EXERCISE AIM: If a line in the data holds "Noordzeekanaal", copy that line out in full.
○ ○ ○
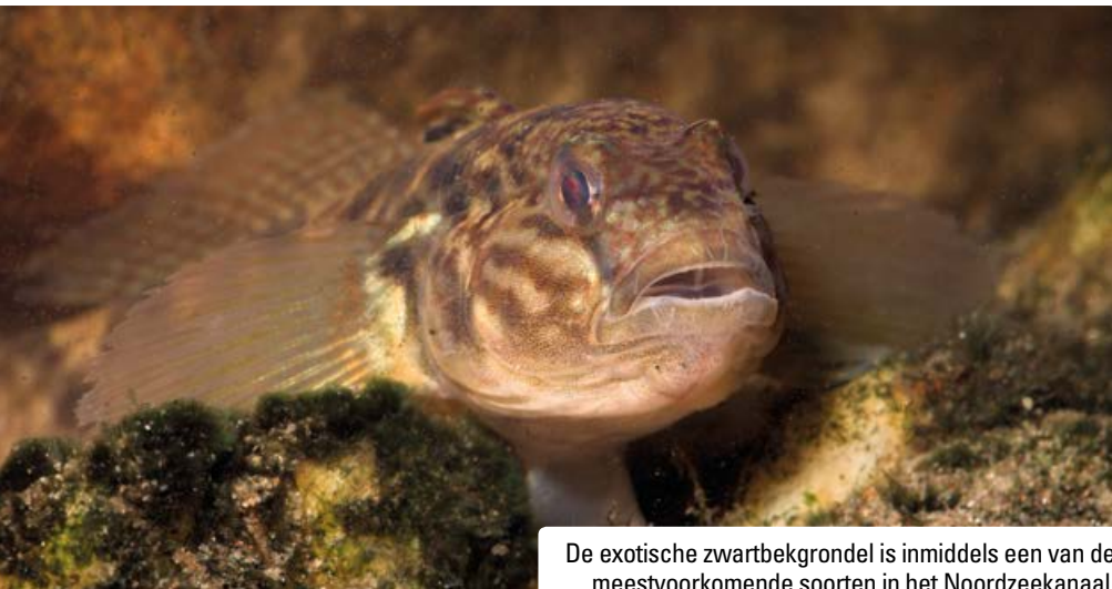
De exotische zwartbekgrondel is inmiddels een van de meestvoorkomende soorten in het Noordzeekanaal.

Uit eerder onderzoek bleek dat gemaal Halfweg een barrière is voor intrekende vis. Rijkswaterstaat en Hoogheemraadschap van Rijnland hebben daarom in 2013 een vispassage aangelegd. In piektijden werden er ruim 200.000 glasaaltjes per dag geteld, waarmee meteen werd bewezen dat de passage werkt. Fred den Dulk is de voormalige pompbaas en woont in het naastgelegen huis. Hij is gefascineerd geraakt voor glasaal sinds de installatie van de vispassage. Samen met twee andere vrijwilligers voerde hij het afgelopen jaar de monitoring uit. "In topweken vingen we met het kruisnet vijftien glasaaltjes per keer", vertelt hij. "Verder vingen we bot en driedoornige stekelbaarzen die duidelijk ook graag naar binnen wilden en massa's langlob-ribkwallen, een nieuwe exoot die zich in het water van het Noordzeekanaal explosief vermeerderd." Bij gemaal Halfweg is een apart vispassage-gemaal geïnstalleerd dat een lokstroom voor trekvis creëert: de vis komt op het zoete water af.
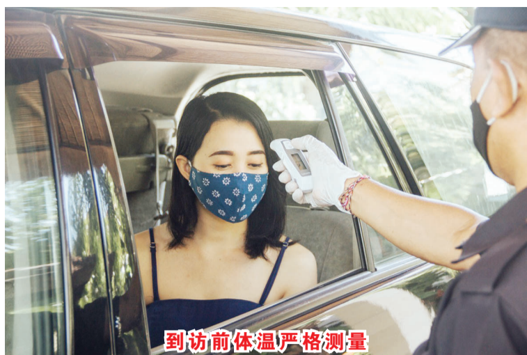
到访前体温严格测量
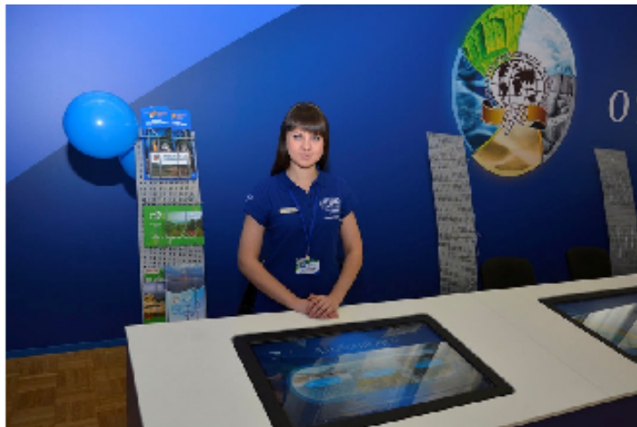
Алтайский край на II Фестивале РГО

Презентационные материалы для представления Алтайского края на мероприятии были подготовлены при поддержке Администрации Алтайского края, Попечительского совета АКОРГО и КГБУ «Туристский центр Алтайского края».
○ ○ ○
EXERCISE RESULT:
De exotische zwartbekgrondel is inmiddels een van de meestvoorkomende soorten in het Noordzeekanaal.
Uit eerder onderzoek bleek dat gemaal Halfweg een barrière is voor intrekende vis. Rijkswaterstaat en Hoogheemraadschap van Rijnland hebben daarom in 2013 een vispassage aangelegd. In piektijden werden er ruim 200.000 glasaaltjes per dag geteld, waarmee meteen werd bewezen dat de passage werkt. Fred den Dulk is de voormalige pompbaas en woont in het naastgelegen huis. Hij is gefascineerd geraakt voor glasaal sinds de installatie van de vispassage. Samen met twee andere vrijwilligers voerde hij het afgelopen jaar de monitoring uit. "In topweken vingen we met het kruisnet vijftien glasaaltjes per keer", vertelt hij. "Verder vingen we bot en driedoornige stekelbaarzen die duidelijk ook graag naar binnen wilden en massa's langlob-ribkwallen, een nieuwe exoot die zich in het water van het Noordzeekanaal explosief vermeerderd." Bij gemaal Halfweg is een apart vispassage-gemaal geïnstalleerd dat een lokstroom voor trekvis creëert: de vis komt op het zoete water af.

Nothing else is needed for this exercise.